To see the difference between them, we have to plot the difference (plotting the residuals, in data analysis parlance). This next graph is the difference, zoomed in by a factor of 100 in the $y$-direction.

As you can see, the theoretical difference is not zero. So, if what you're imaging isn't changing, you can model the background accurately enough, and you have a sufficiently accurate model of the camera's PSF, you could detect the difference between the high Gaussian and two slightly offset Gaussians scenarios if you invest enough time and energy into the project, in principle, even if your pixels are twice the full-width at half maximum (FWHM) of the Gaussian. $\mathrm{FWHM} = \sqrt{8\ln(2)}\sigma$ for Gaussians, so in this graph twice the FWHM is about $4.7$.

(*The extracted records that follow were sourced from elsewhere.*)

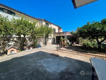 La proprietà è circondata da uno spazio esterno di 360 mq che include giardino, orto e un garage di 27 mq.
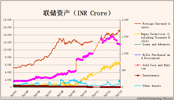 注:由于在联储资产构成中,除外汇货币资产( Foreign Currency Assets)与卢布标值的证券(Rupee Securities (including Treasury Bills))占比较大外,其他五类:联储贷款和预付( Loans and Advances)、购置的票据和兑的换未到期票据(Bills Purchased and Discounted)、黄金和白银(Gold Coin and Bullion)、投资( Investments)、其他资产(Other Assets)占比均较小,因此这五类资产时间序列图对应着右边的数轴。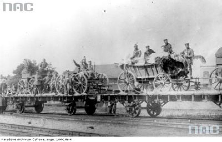 Podpis do zdjęcia: Wojska niemieckie zdšżajšce do granicy podczas I Wojny wiatowej. Żołnierze przewożeni na platformach kolejowych. 1914, wł. Narodowego Archiwum Cyfrowego.

One way to further the goal of understanding the PSF is to intentionally make it easy to model (as opposed to 'as small as possible'), as is done in many forms of non-redundant aperture mask imaging. I believe that the trade-off there is that you lose both field of view and the (obvious) loss of the light that gets blocked.

In practice, though, you're usually better off getting a bigger camera, or compensating for the atmosphere (e.g. lucky imaging and adaptive optics) if your imaging is seeing limited. Thus, the limits imposed by the Nyquist sampling theorem are more practical, not theoretical. It's also prone to mislead you if you don't remember that pixels are not points, they're little buckets that collect light that falls into a finite area. Talking about it "sampling" some function, implicitly uses the mean value theorem to say that the amount of light collected divided by the pixel's area gives the value of the image's brightness there. What's often dropped is the caveat that it's the brightness somewhere inside the pixel, not necessarily at the pixel's center. This is usually a very small effect, which is why it's often ignored, but when you're talking about working at the resolution limit and having pixel sizes comparable to that resolution, the distinction may become important. Roughly speaking, if the PSF is highly curved within the pixel, the offset from pixel center of the mean value can become significant.

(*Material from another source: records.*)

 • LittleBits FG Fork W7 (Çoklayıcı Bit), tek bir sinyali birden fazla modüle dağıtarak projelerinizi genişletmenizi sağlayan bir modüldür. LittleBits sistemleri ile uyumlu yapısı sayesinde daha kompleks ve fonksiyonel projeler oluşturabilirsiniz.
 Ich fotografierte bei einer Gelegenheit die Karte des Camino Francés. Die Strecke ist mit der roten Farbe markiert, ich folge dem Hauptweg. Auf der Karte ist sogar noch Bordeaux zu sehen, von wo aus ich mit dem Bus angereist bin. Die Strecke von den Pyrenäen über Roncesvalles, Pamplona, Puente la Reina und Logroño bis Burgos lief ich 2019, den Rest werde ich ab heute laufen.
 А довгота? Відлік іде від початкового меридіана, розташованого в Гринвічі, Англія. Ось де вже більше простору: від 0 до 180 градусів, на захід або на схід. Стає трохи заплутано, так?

One way to think about what drizzle gets you is that by moving the pixels between images, you move around the light buckets. In principle, with enough images at different offsets you can probably push the pixel density of the image to the limit of your ability to reconstruct the size of the offsets (usually the pointing of the camera/telescope, though I know of no reason why the sensor couldn't be moved around on some stepper motors attached to micrometers), or the sharpness of the divides between the pixels (the ability to gather light is neither uniform over a pixel, nor could the pixels fill the detector from edge to edge completely, these are just really good approximations most of the time).